Unity is planning to charge a flat fee of $0.20 per install over the entire life of a game. A Triple-A developer can release a game for $70 and it earns ten million dollars. Assuming every customer installs the game maybe three separate times on average over their lifespan, Unity's gonna take maybe about $85,000 in total in runtime fees. If the game had been developed in Unreal, Epic would have taken $450,000.
But let's say an indie dev makes a great game in Unity, sells it for $5, and it goes viral (like Vampire Survivors). They make ten million dollars, Unity takes 20 cents per install, and assuming the same install rate, the bill comes to $1.2 million, over 14x what the AAA developer is paying. Epic would have still charged $450,000.

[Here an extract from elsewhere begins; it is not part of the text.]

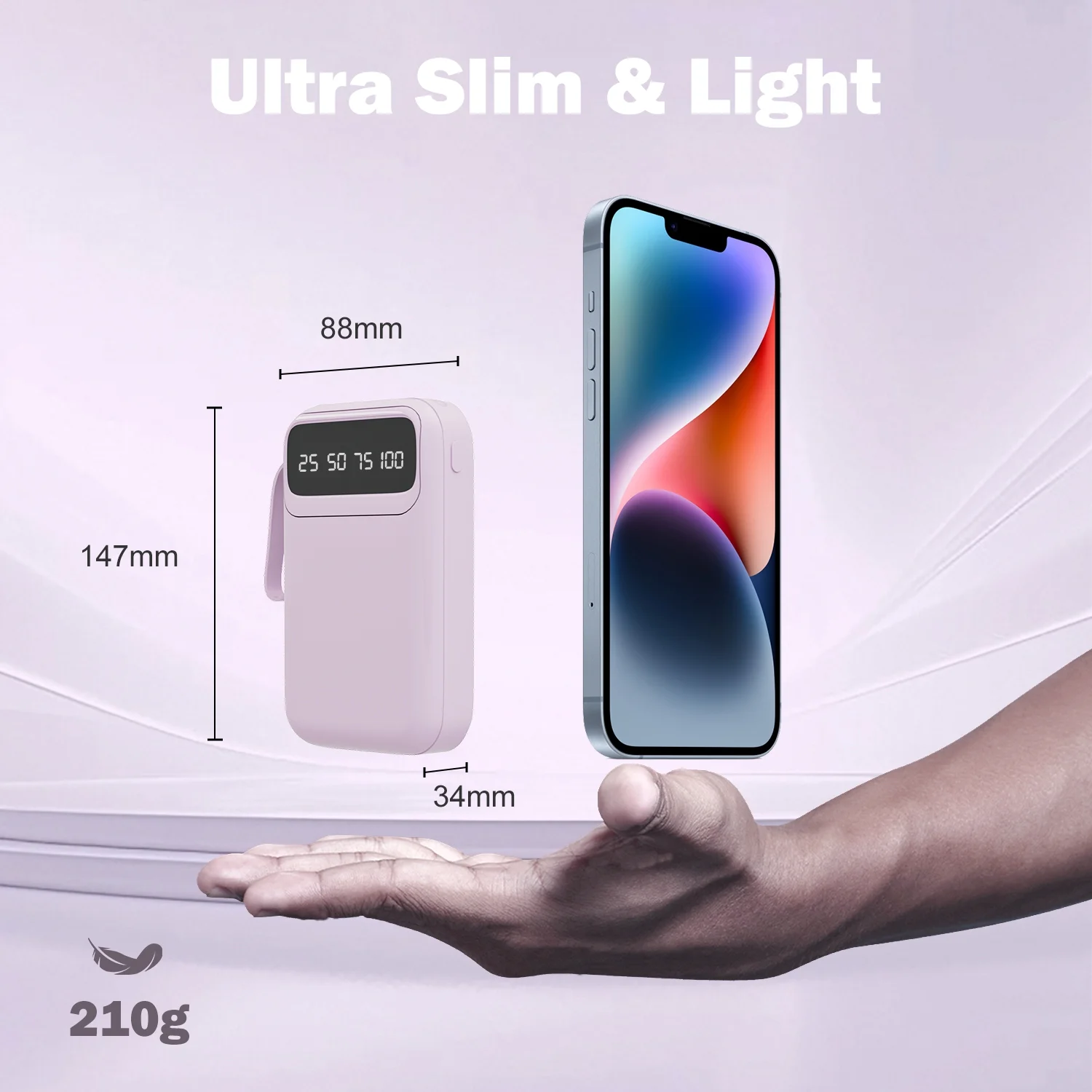 SANPTENT 10000mAh Power Bank Portable Charger with Cables, USB Battery Pack Compatible for iPhone & Android Cell Phones, Purple

With the AAA example, Epic's 5% may seem steep for games that cost a lot per unit, but at least when a game stops making money, they stop charging money.
For Unity's runtime fee, though, as people buy new PCs/consoles/phones and install their library of games to them over and over, the developer keeps getting billed with no profit coming in. Effectively, the more games they have out there in the wild, the greater a financial burden a developer has. They'll be living in fear of some Reddit post sending 10,000 people in /r/gaming down a sudden nostalgia trip and wake up to a $2000 bill the next day with seemingly no explanation.
And this is to say nothing of the problematic nature of how Unity would even accurately assess the install count of a game, or differentiate paid copies from promotional or pirated copies (which I doubt they will). Or if a developer wants to bankrupt a rival developer, how they could just rent a click farm in Malaysia to install a game over and over again and rack up a bill too high to afford.